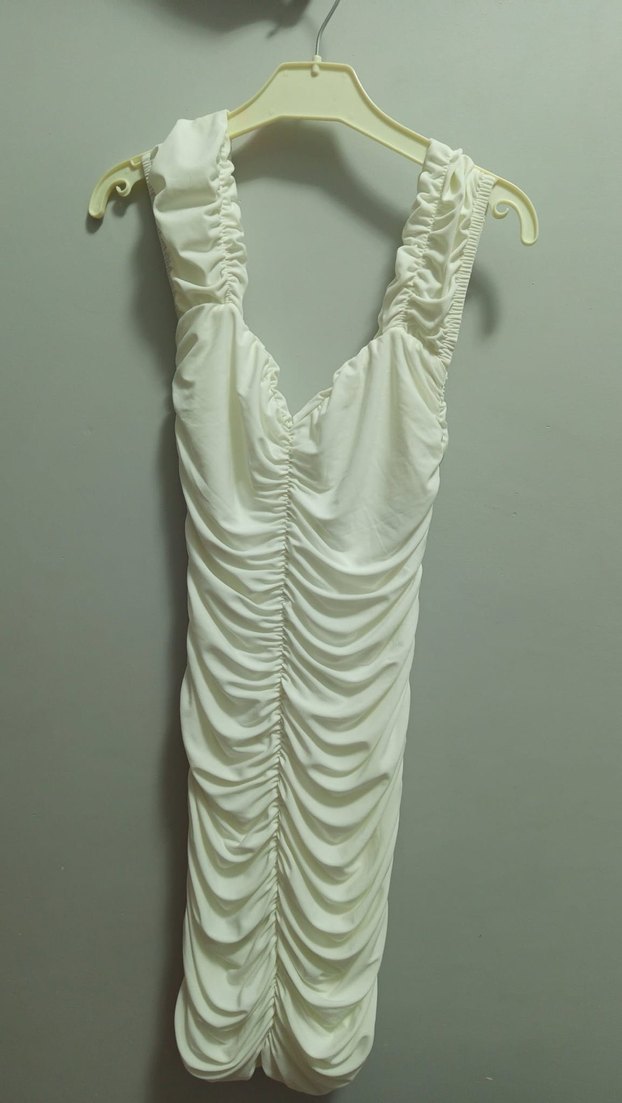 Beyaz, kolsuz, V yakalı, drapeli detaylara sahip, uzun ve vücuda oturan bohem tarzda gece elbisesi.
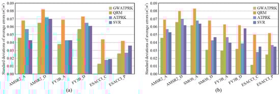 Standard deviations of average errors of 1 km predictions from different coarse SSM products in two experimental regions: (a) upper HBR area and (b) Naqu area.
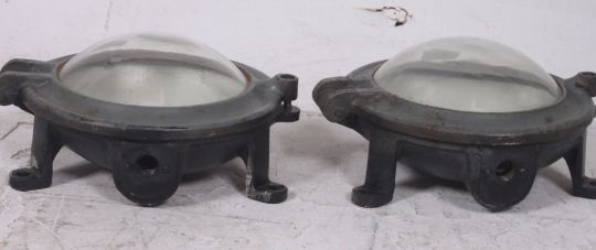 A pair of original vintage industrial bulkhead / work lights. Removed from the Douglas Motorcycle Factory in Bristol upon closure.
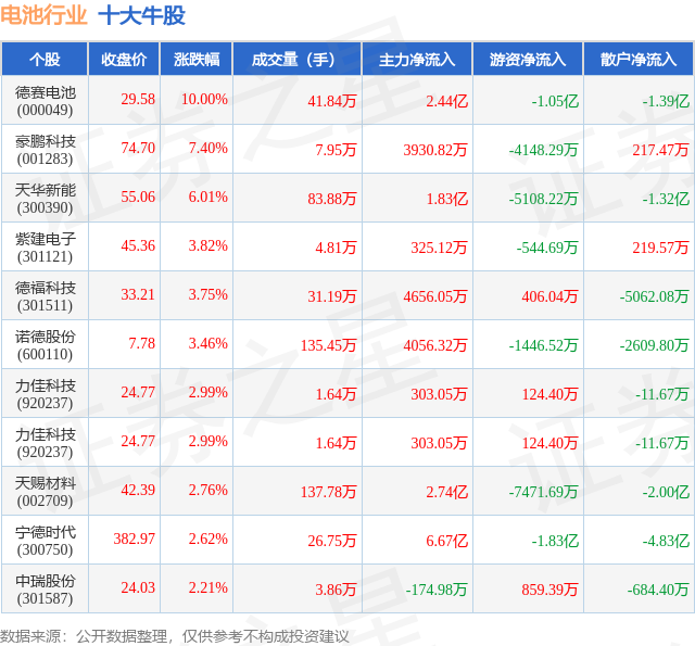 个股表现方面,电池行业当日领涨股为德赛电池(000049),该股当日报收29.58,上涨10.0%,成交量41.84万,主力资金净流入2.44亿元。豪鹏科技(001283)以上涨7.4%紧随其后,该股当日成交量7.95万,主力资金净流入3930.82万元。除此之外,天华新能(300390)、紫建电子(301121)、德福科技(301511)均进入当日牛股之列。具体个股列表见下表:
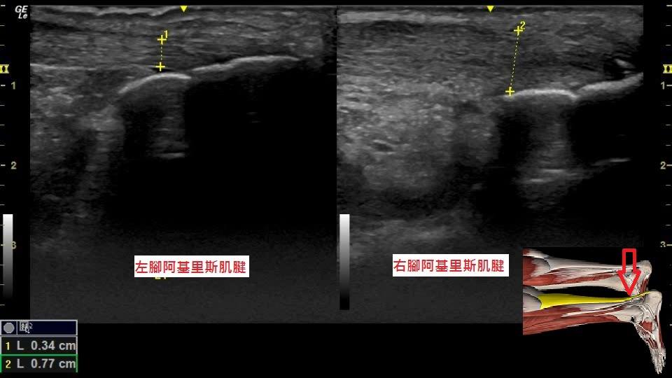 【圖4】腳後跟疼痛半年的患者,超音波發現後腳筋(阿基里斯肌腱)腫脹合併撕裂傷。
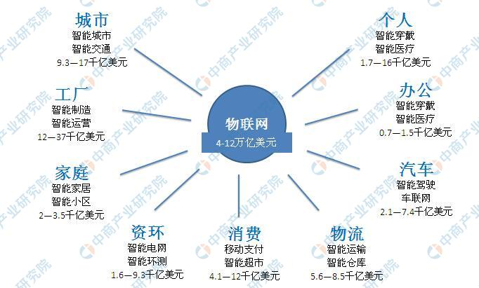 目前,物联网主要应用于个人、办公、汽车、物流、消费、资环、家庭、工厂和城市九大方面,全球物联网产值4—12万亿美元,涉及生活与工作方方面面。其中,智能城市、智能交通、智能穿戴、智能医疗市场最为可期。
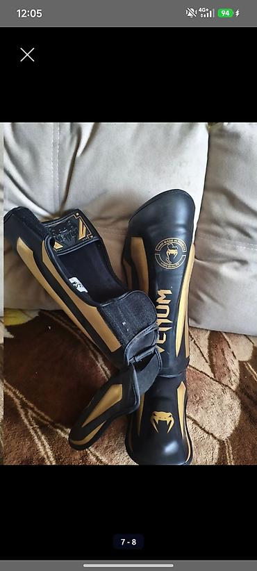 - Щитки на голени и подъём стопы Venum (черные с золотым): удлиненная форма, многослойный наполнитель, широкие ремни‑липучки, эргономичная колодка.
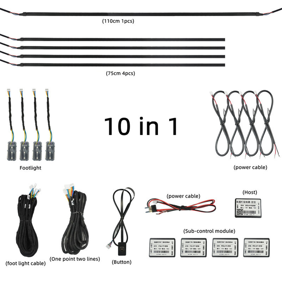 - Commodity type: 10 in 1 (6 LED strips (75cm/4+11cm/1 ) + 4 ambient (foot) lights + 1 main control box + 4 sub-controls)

===

TASK PROMPT: Apart from its pictures, the material above should be repeated exactly.

TASK SOLUTION:
 Beyaz, kolsuz, V yakalı, drapeli detaylara sahip, uzun ve vücuda oturan bohem tarzda gece elbisesi.
 Standard deviations of average errors of 1 km predictions from different coarse SSM products in two experimental regions: (a) upper HBR area and (b) Naqu area.
 A pair of original vintage industrial bulkhead / work lights. Removed from the Douglas Motorcycle Factory in Bristol upon closure.
 个股表现方面,电池行业当日领涨股为德赛电池(000049),该股当日报收29.58,上涨10.0%,成交量41.84万,主力资金净流入2.44亿元。豪鹏科技(001283)以上涨7.4%紧随其后,该股当日成交量7.95万,主力资金净流入3930.82万元。除此之外,天华新能(300390)、紫建电子(301121)、德福科技(301511)均进入当日牛股之列。具体个股列表见下表:
 【圖4】腳後跟疼痛半年的患者,超音波發現後腳筋(阿基里斯肌腱)腫脹合併撕裂傷。
 目前,物联网主要应用于个人、办公、汽车、物流、消费、资环、家庭、工厂和城市九大方面,全球物联网产值4—12万亿美元,涉及生活与工作方方面面。其中,智能城市、智能交通、智能穿戴、智能医疗市场最为可期。
 - Щитки на голени и подъём стопы Venum (черные с золотым): удлиненная форма, многослойный наполнитель, широкие ремни‑липучки, эргономичная колодка.
 - Commodity type: 10 in 1 (6 LED strips (75cm/4+11cm/1 ) + 4 ambient (foot) lights + 1 main control box + 4 sub-controls)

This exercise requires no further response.